*Work to complete*.
Begin with the line holding "3.7㎡ Blade 74L" and end with the last line of the records below. Set down exactly those lines and leave out every picture.

*The input*.
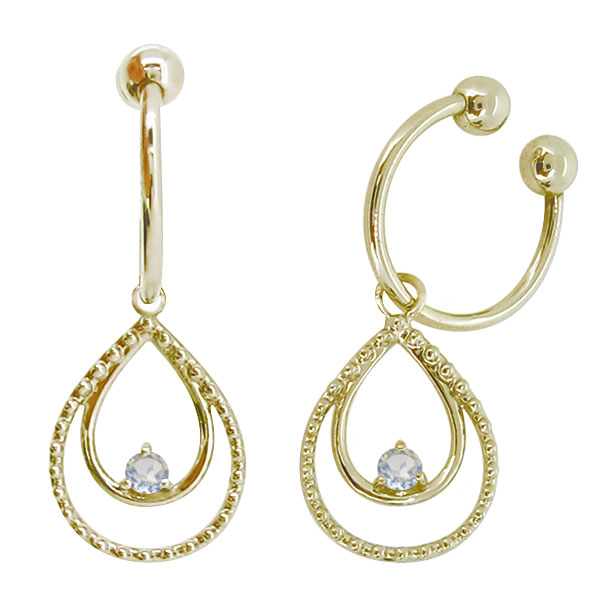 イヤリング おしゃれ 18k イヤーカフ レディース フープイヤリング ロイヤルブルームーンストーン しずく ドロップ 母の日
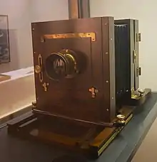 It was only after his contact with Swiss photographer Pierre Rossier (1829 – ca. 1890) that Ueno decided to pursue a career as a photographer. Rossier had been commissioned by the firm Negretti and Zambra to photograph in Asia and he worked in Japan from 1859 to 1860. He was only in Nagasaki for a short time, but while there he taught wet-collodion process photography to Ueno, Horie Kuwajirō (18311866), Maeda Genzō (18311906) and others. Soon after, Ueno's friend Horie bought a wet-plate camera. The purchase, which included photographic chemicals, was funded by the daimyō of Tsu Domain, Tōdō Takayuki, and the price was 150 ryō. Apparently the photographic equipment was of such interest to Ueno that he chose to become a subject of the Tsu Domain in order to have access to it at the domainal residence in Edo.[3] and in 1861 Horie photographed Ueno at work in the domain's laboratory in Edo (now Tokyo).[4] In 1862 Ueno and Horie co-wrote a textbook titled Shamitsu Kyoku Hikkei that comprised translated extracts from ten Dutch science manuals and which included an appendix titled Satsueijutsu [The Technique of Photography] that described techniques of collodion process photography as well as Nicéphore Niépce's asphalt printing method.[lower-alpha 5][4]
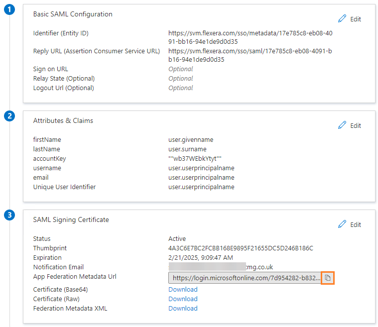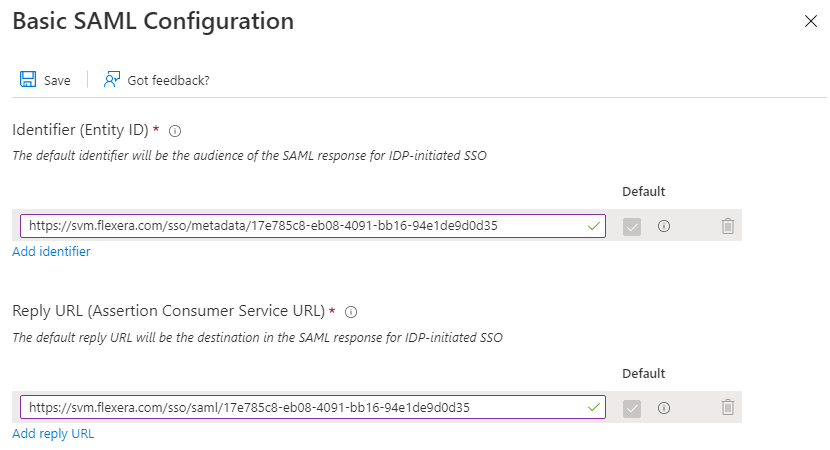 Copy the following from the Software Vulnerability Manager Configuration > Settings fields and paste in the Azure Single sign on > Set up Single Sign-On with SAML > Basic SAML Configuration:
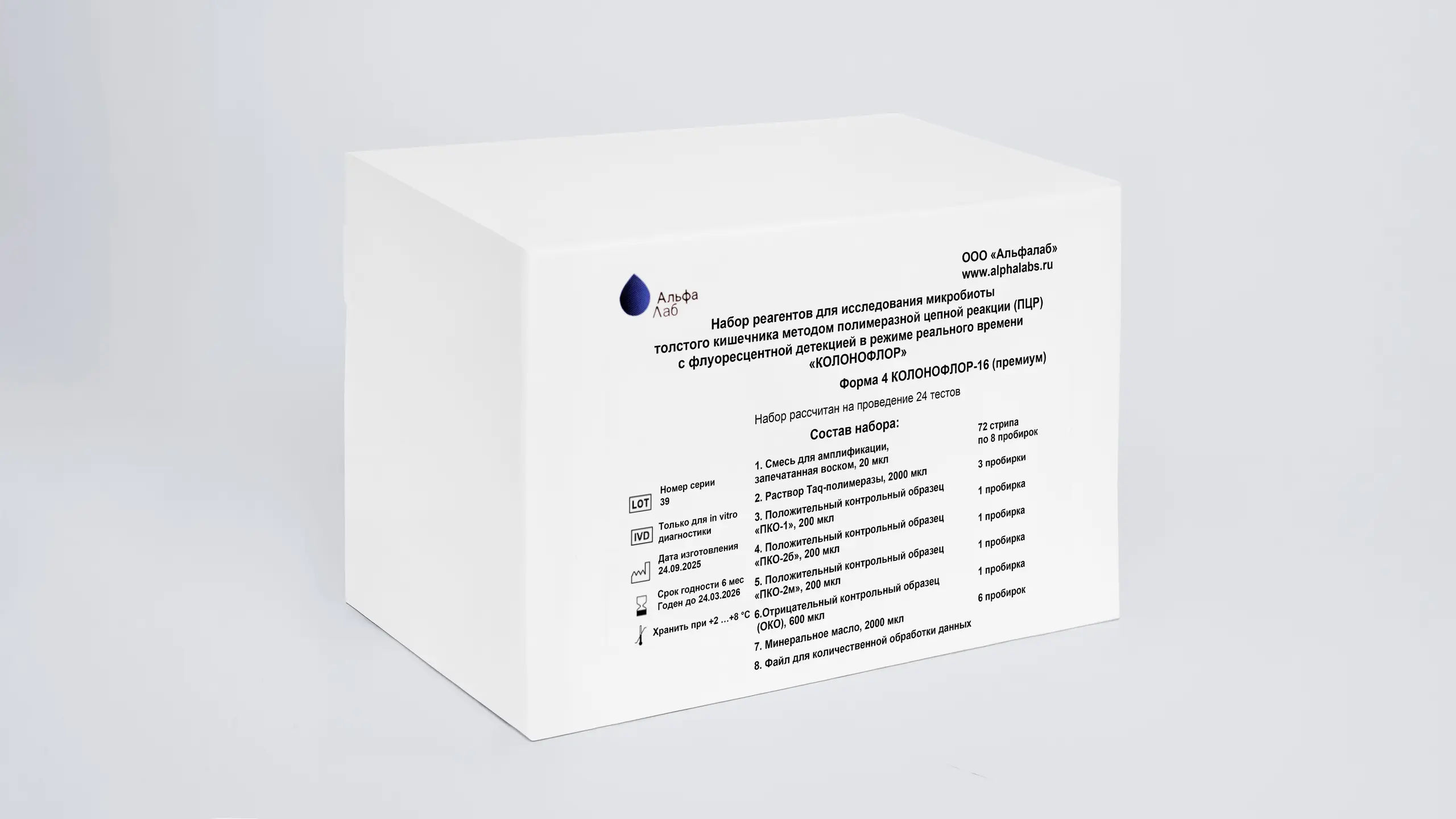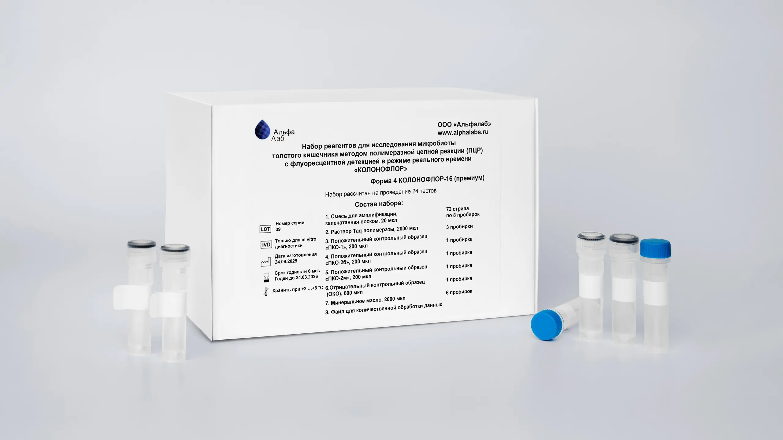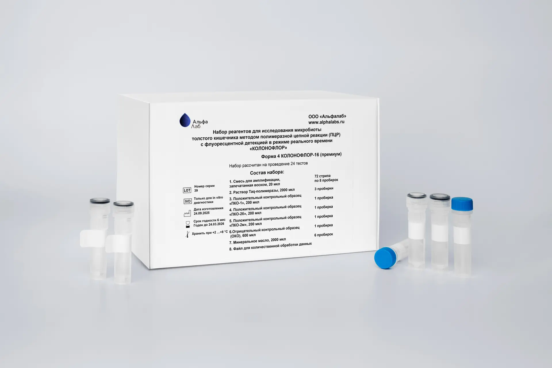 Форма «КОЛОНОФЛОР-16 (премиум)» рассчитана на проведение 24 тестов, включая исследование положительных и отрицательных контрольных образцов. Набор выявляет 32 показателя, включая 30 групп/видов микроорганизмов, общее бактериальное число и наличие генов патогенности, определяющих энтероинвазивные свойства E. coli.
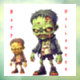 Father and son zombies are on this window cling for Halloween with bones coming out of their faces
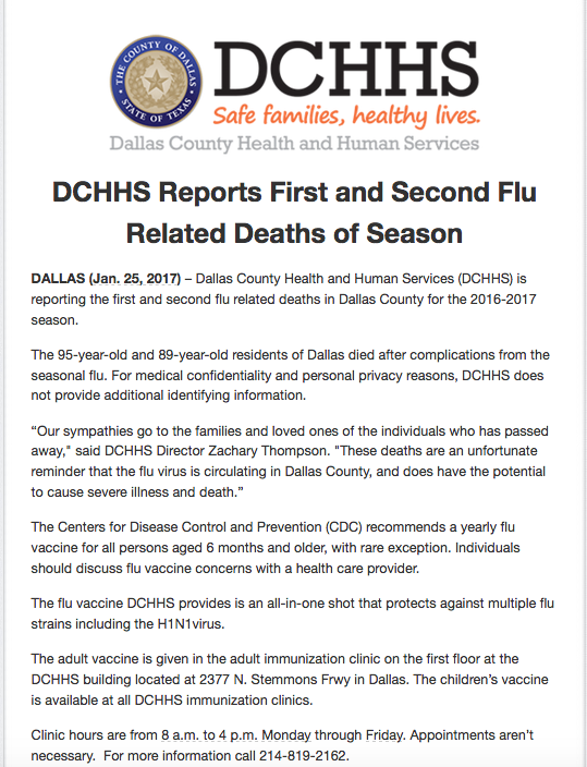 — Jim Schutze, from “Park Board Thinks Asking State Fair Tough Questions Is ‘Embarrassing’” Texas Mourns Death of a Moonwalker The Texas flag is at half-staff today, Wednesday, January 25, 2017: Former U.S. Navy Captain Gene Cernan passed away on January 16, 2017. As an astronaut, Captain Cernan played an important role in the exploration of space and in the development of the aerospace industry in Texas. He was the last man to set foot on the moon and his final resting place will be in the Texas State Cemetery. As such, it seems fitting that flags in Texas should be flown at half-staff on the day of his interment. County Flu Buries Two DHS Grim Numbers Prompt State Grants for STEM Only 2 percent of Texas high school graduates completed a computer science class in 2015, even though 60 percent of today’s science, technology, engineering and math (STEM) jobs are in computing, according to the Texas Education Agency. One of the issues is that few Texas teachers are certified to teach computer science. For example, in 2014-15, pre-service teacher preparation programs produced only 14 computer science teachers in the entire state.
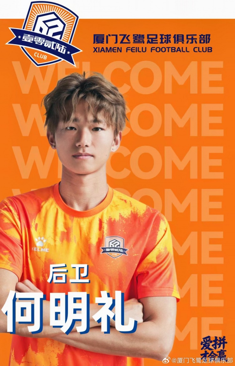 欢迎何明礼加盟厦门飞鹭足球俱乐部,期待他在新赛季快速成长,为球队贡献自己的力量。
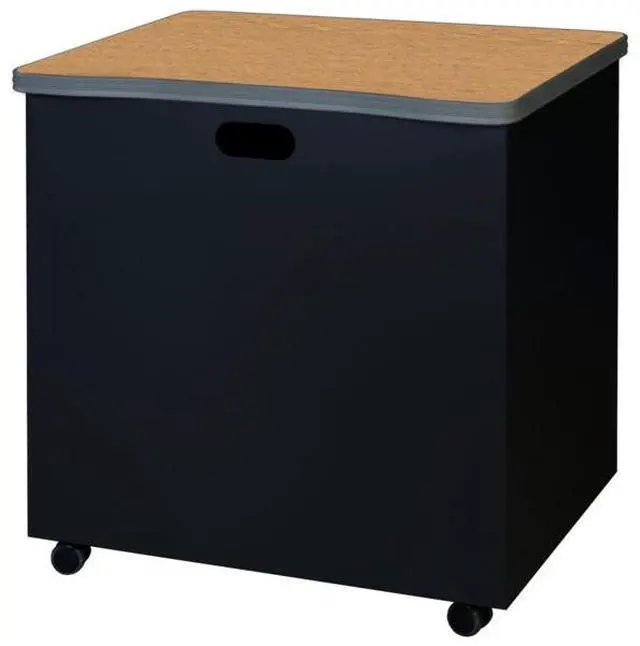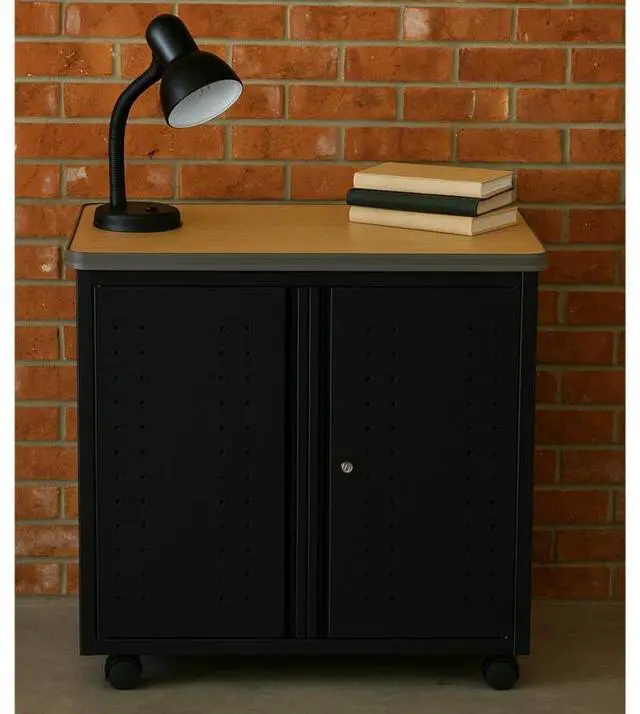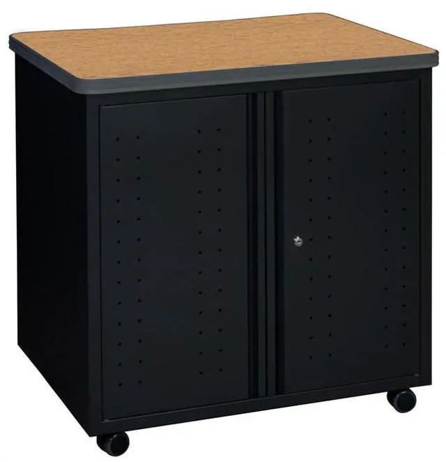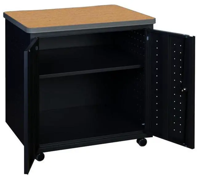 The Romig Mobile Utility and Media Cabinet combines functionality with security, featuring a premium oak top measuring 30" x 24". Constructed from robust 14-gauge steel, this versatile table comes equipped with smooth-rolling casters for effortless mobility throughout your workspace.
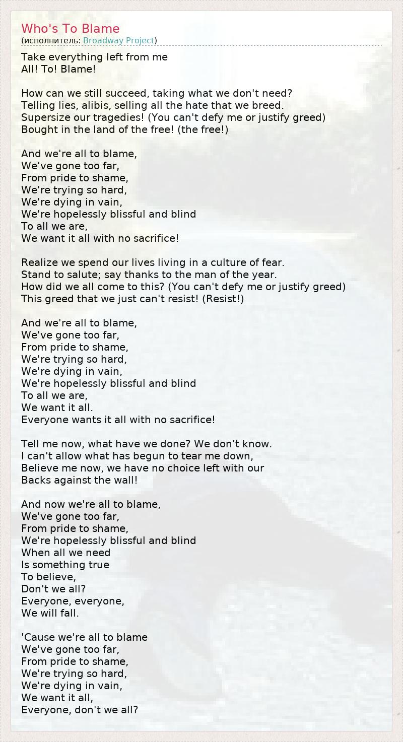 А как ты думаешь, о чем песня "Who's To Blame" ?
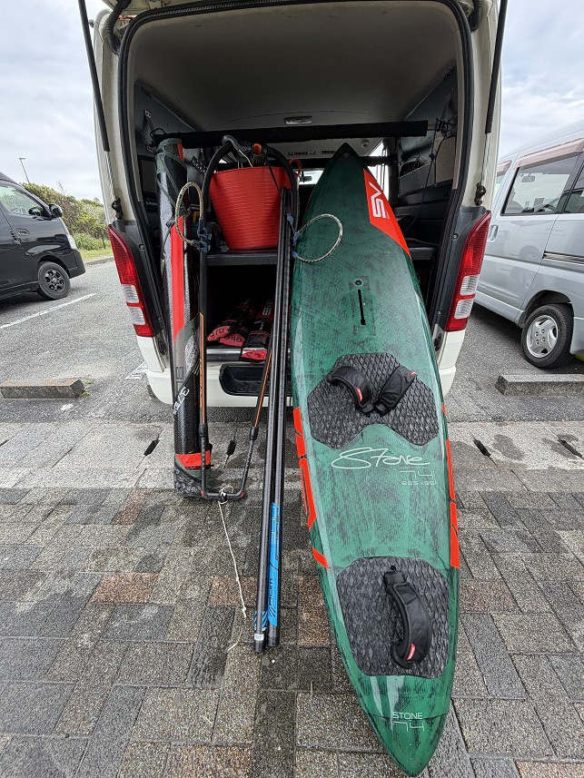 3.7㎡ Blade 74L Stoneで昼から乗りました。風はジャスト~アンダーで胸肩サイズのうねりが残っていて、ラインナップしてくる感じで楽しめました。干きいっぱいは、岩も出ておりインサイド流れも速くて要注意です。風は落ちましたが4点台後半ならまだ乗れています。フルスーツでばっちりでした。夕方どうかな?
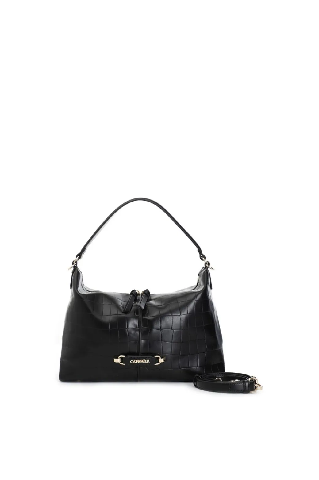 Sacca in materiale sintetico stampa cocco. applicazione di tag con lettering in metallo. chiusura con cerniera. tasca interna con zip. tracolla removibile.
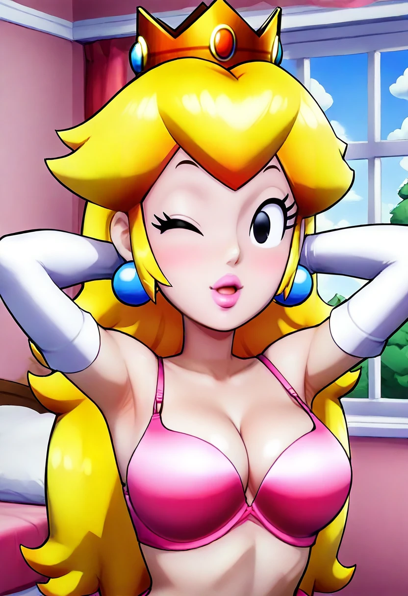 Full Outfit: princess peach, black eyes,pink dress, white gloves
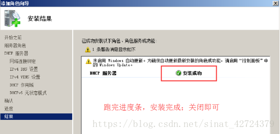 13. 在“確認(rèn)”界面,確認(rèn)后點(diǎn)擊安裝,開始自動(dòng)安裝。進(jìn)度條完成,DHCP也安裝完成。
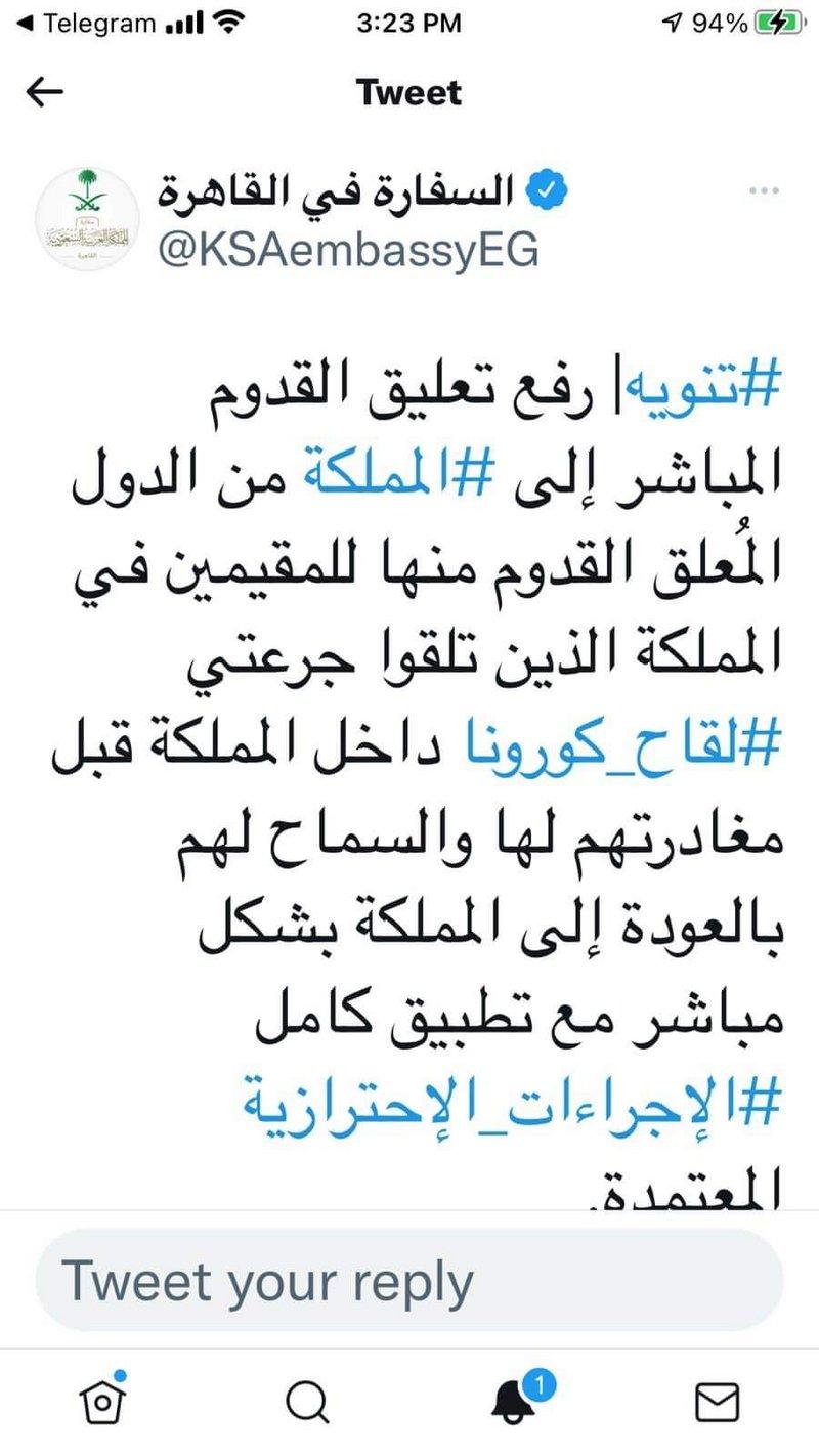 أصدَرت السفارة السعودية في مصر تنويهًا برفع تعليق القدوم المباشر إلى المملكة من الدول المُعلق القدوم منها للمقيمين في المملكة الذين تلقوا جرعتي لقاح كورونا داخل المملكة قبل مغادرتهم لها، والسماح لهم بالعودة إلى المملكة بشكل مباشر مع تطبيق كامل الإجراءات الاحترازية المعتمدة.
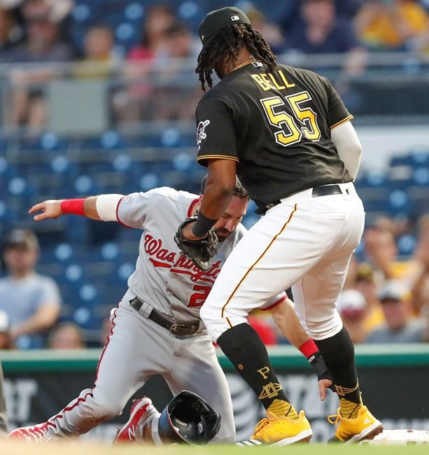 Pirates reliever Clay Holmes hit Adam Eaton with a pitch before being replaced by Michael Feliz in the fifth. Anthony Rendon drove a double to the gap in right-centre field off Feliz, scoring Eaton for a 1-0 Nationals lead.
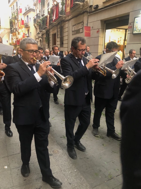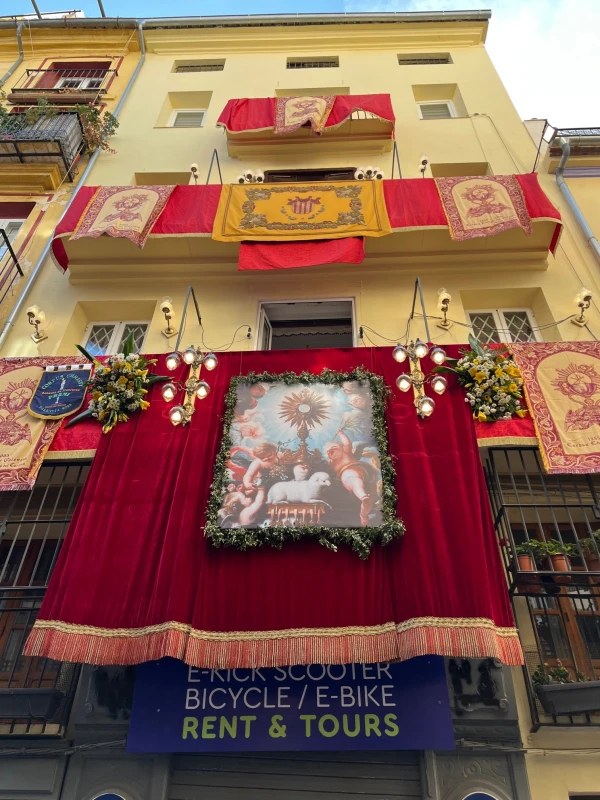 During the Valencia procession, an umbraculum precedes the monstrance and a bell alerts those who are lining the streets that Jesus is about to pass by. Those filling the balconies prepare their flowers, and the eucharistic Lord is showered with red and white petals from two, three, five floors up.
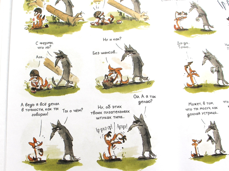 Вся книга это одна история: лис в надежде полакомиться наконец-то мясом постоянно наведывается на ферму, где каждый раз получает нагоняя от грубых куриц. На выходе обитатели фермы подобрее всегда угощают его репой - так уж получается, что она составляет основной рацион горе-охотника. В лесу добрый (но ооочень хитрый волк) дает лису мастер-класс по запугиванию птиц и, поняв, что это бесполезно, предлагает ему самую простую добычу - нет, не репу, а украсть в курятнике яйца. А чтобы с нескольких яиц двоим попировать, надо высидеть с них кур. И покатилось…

*Result of this exercise*.
 3.7㎡ Blade 74L Stoneで昼から乗りました。風はジャスト~アンダーで胸肩サイズのうねりが残っていて、ラインナップしてくる感じで楽しめました。干きいっぱいは、岩も出ておりインサイド流れも速くて要注意です。風は落ちましたが4点台後半ならまだ乗れています。フルスーツでばっちりでした。夕方どうかな?
 Sacca in materiale sintetico stampa cocco. applicazione di tag con lettering in metallo. chiusura con cerniera. tasca interna con zip. tracolla removibile.
 Full Outfit: princess peach, black eyes,pink dress, white gloves
 13. 在“確認(rèn)”界面,確認(rèn)后點(diǎn)擊安裝,開始自動(dòng)安裝。進(jìn)度條完成,DHCP也安裝完成。
 أصدَرت السفارة السعودية في مصر تنويهًا برفع تعليق القدوم المباشر إلى المملكة من الدول المُعلق القدوم منها للمقيمين في المملكة الذين تلقوا جرعتي لقاح كورونا داخل المملكة قبل مغادرتهم لها، والسماح لهم بالعودة إلى المملكة بشكل مباشر مع تطبيق كامل الإجراءات الاحترازية المعتمدة.
 Pirates reliever Clay Holmes hit Adam Eaton with a pitch before being replaced by Michael Feliz in the fifth. Anthony Rendon drove a double to the gap in right-centre field off Feliz, scoring Eaton for a 1-0 Nationals lead.
 During the Valencia procession, an umbraculum precedes the monstrance and a bell alerts those who are lining the streets that Jesus is about to pass by. Those filling the balconies prepare their flowers, and the eucharistic Lord is showered with red and white petals from two, three, five floors up.
 Вся книга это одна история: лис в надежде полакомиться наконец-то мясом постоянно наведывается на ферму, где каждый раз получает нагоняя от грубых куриц. На выходе обитатели фермы подобрее всегда угощают его репой - так уж получается, что она составляет основной рацион горе-охотника. В лесу добрый (но ооочень хитрый волк) дает лису мастер-класс по запугиванию птиц и, поняв, что это бесполезно, предлагает ему самую простую добычу - нет, не репу, а украсть в курятнике яйца. А чтобы с нескольких яиц двоим попировать, надо высидеть с них кур. И покатилось…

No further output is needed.